# [About this task]
Each line from the top of the listing through the one holding "Dale un toque" should be restated word for word, with nothing added and no pictures.

[Available data Boundary: Start]

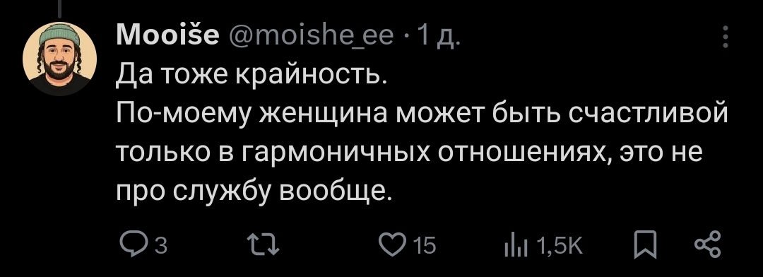 Я немного не то имела в виду. Понятное дело, что у большинства людей нет карьеры. А у того меньшинства, что есть, работа редко имеет какой-то смысл кроме заработать больше денег для капиталиста. Хорошо, если это хотя бы объективно не вредит. В целом все мы в основном ординарные люди и от нашего отсутствия в мире ничего не поменяется.
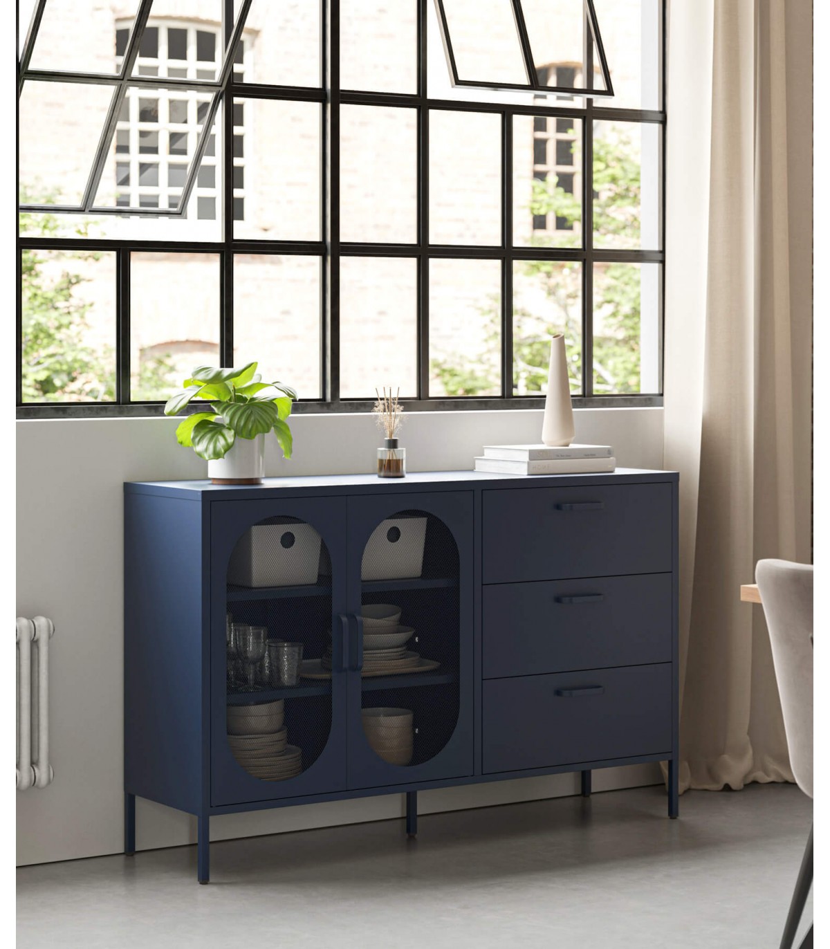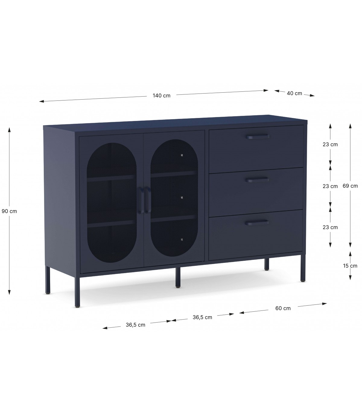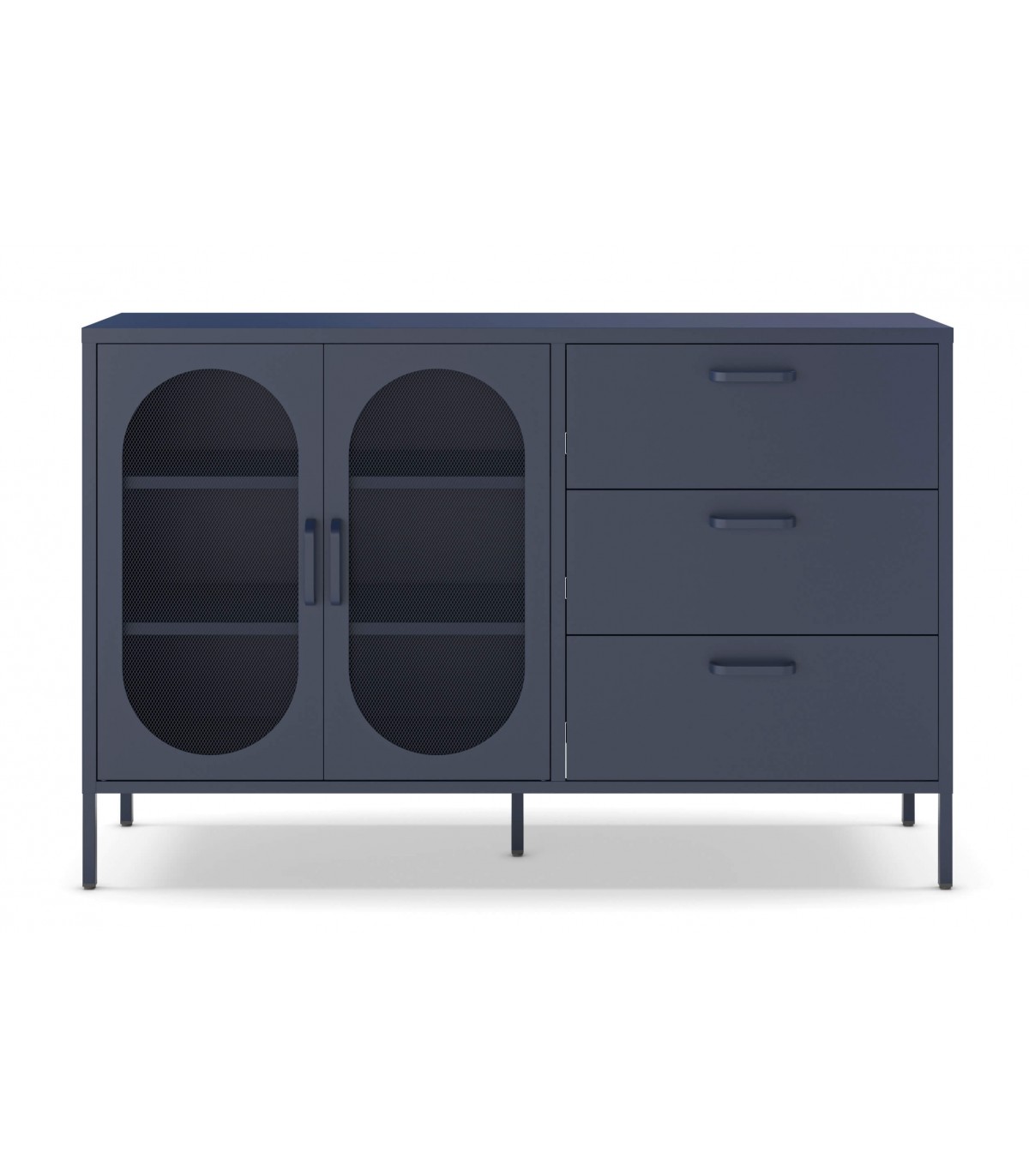 Dale un toque retro y sofisticado a tu hogar con este aparador de estilo vintage. Realizado en metal lacado en color azul oscuro, su diseño elegante y atemporal se complementa con los frentes de puertas en tela de malla metálica con plafones ovalados, aportando un aire industrial chic. Este aparador pequeño ofrece una buena capacidad de almacenamiento en un formato compacto y funcional tipo kit.
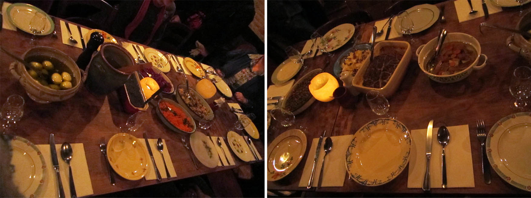 a ovo je bio poseban doživljaj (žao mi je što je prostor bio mnogo mračan), a i glupo bi bilo da sam slikala baš svako jelo (dok 20 gladnih čeka oko mene!) – neka vrsta švedskog stola u kome hranu razmeste po čitavom lokalu, a vi se šetate i birate…
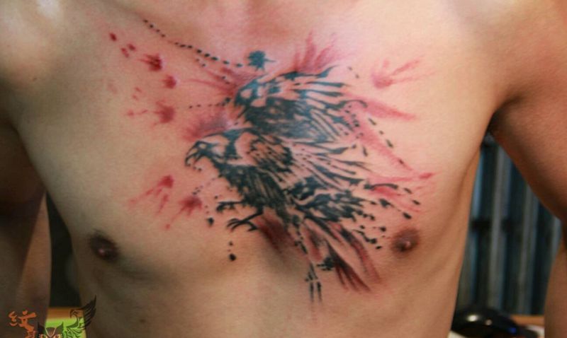泼墨雄鹰纹身图片_胸部背部手臂腿部欧美传统清新国画动物原创纹身图案
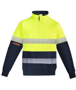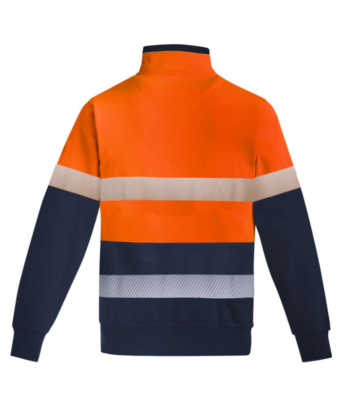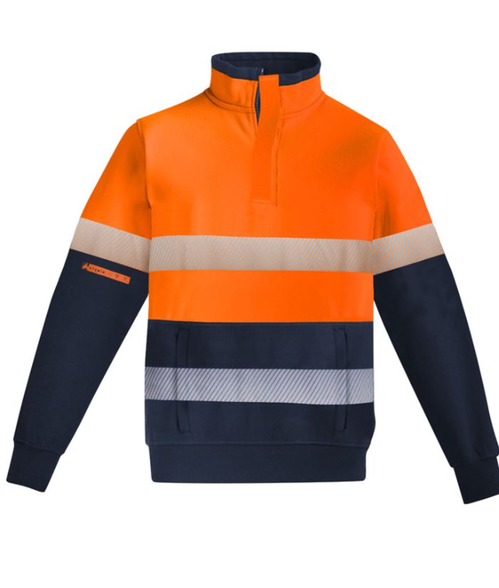 Mens Orange Flame Hi Vis 1/4 Zip Brushed Fleece Pullover - Hoop Taped
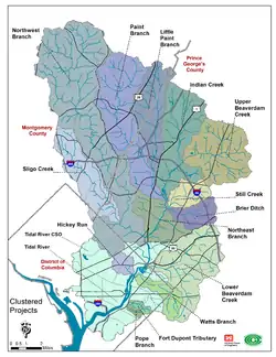 Under a stormwater discharge permit issued by the U.S. Environmental Protection Agency (EPA), the D.C. government is implementing a stormwater management program to improve water quality in the Anacostia.[10] The governments of Montgomery County and Prince George's County also operate stormwater management programs.[11][12]
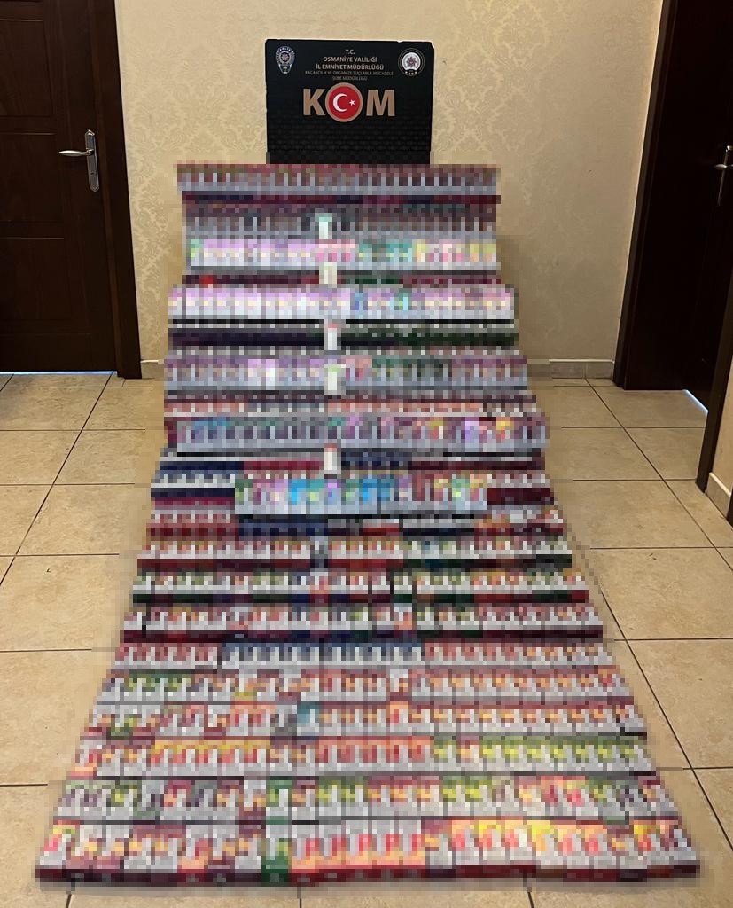 Osmaniye Emniyet Müdürlüğü Kaçakçılık ve Organize Suçlarla Mücadele (KOM) Şube Müdürlüğü ekipleri, yaptıkları takip ve çalışma doğrultusunda uygulama noktasında şüphe üzerine bir tırı durdurdu. Yapılan aramalarda piyasa değeri 1 milyon 500 bin Türk Lirası olan gümrük kaçağı 2 bin elektronik sigara ve 340 paket sigara ele geçirildi.
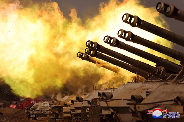 KLDR v reakci na společné cvičení Jižní Koreje a Spojených států ve čtvrtek předvedla své dělostřelectvo. Palbě přihlížel i vůdce Kim Čong-un. (7. března 2024)
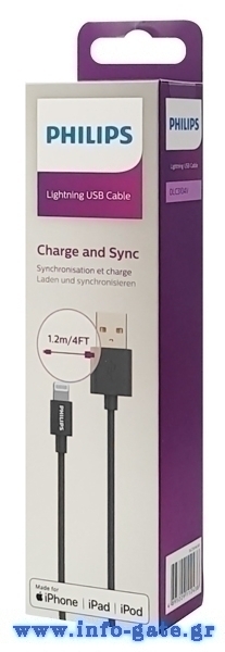 PHILIPS καλώδιο USB σε Lightning DLC3104V-00, 2.4Α 12W, 1.2m, μαύρο
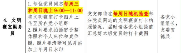 每一个党员就是所在寝室勤务员,既主动带头又主动督促,既严格要求自我又切实带动寝室其他成员,是真正意义上的以点带面充分发挥党员先进模范作用。活动开展期间每名党员都做到了主动做好寝室卫生,主动排查安全隐患,主动进行拍照打卡。支部党员均表示文明寝室拍照打卡活动不仅提升了自己文明意识和卫生意识,更营造了一个干净整洁的寝室卫生环境。
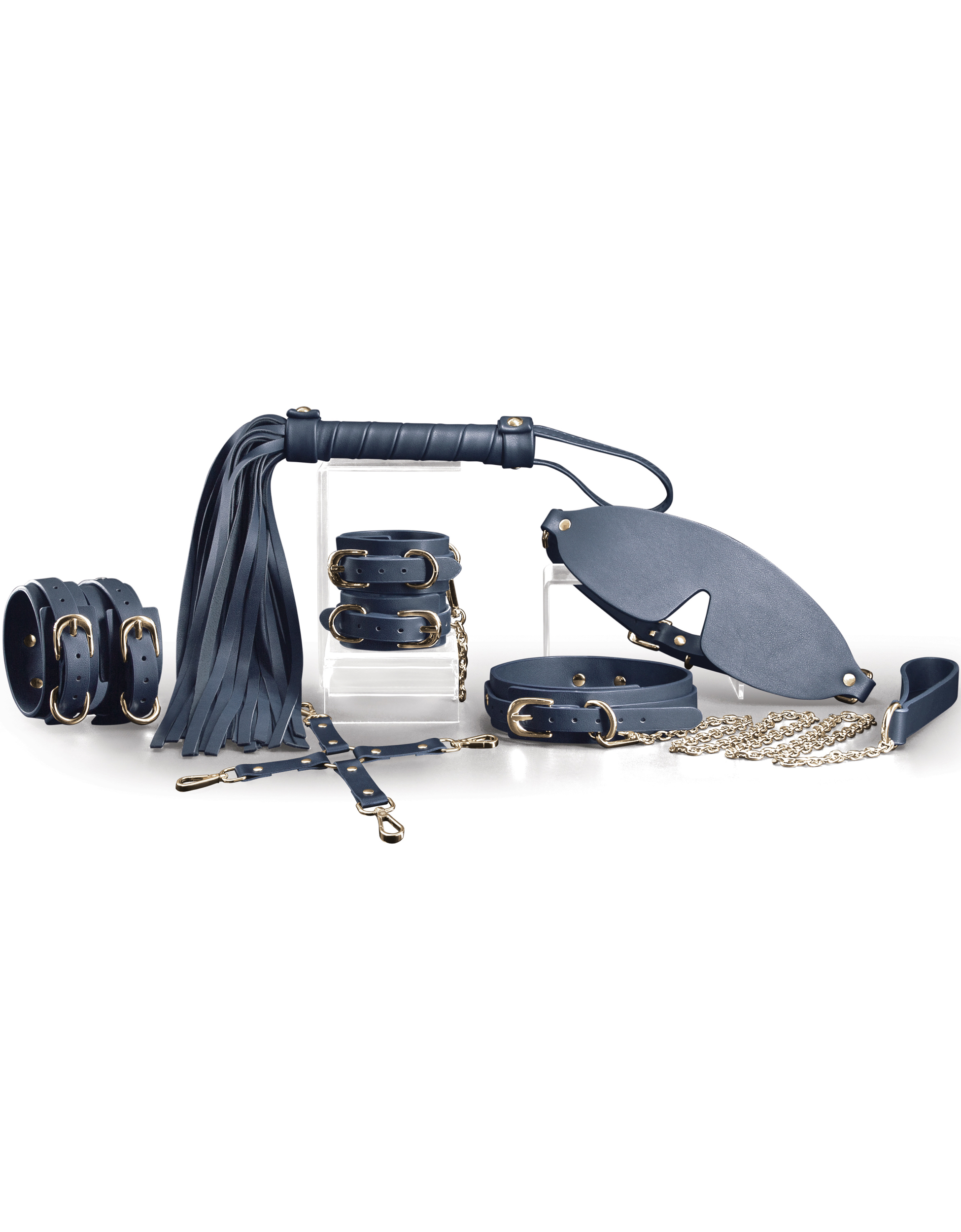 Bondage Couture äratab teie BDSM rollimängufantaasiad ellu 6-komplektiga, mis koosneb kvaliteetsetest ohjeldustest ja tarvikutest, mis on kuningliku sinise värvi ja kuldsete metallist detailidega, sealhulgas: - silmakinnitus - 21 x 7,5 cm; - piitsa - täispikkusega 50 cm; - kaelarihm - laius 3 cm, ümbermõõt kuni 44 cm, koos 115 cm pikkuse rihmaga; - randmepaelad; - randmepaelad; - kinnitusrihma koos haakekonksudega. Materjal: polüuretaan, metall (niklivaba).
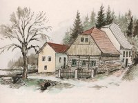 Mlýn z roku 1858 na Zlatém potoce u Kamenice. V průběhu doby modernizován.
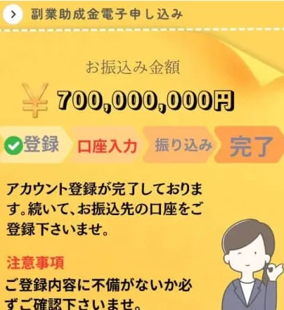 まずはじめに、「副業助成金7億円」とは、一見すると"誰でも7億円を簡単に手にできる"と宣伝しているキャンペーンのようです。
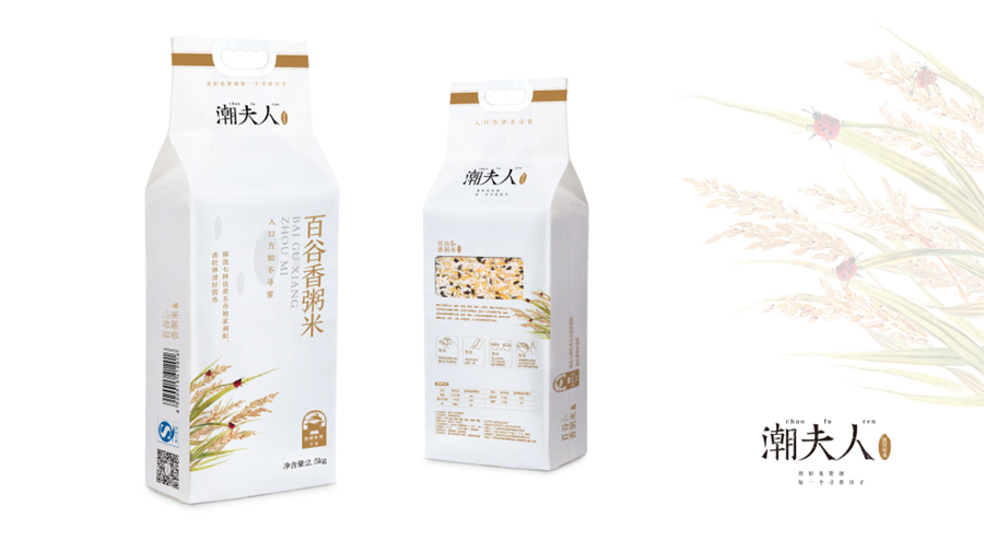 产品包装: 选取对农作物有益的昆虫或与自然农作有关的动物元素,以时尚朴素的插画形式表现,呈现出潮夫人大米自然、天然、纯净、生态的良好生长环境,同时表达了稻谷丰收的喜悦,及对美好生活的向往。

[Available data Boundary: End]

# [Task result]
 Я немного не то имела в виду. Понятное дело, что у большинства людей нет карьеры. А у того меньшинства, что есть, работа редко имеет какой-то смысл кроме заработать больше денег для капиталиста. Хорошо, если это хотя бы объективно не вредит. В целом все мы в основном ординарные люди и от нашего отсутствия в мире ничего не поменяется.
 Dale un toque retro y sofisticado a tu hogar con este aparador de estilo vintage. Realizado en metal lacado en color azul oscuro, su diseño elegante y atemporal se complementa con los frentes de puertas en tela de malla metálica con plafones ovalados, aportando un aire industrial chic. Este aparador pequeño ofrece una buena capacidad de almacenamiento en un formato compacto y funcional tipo kit.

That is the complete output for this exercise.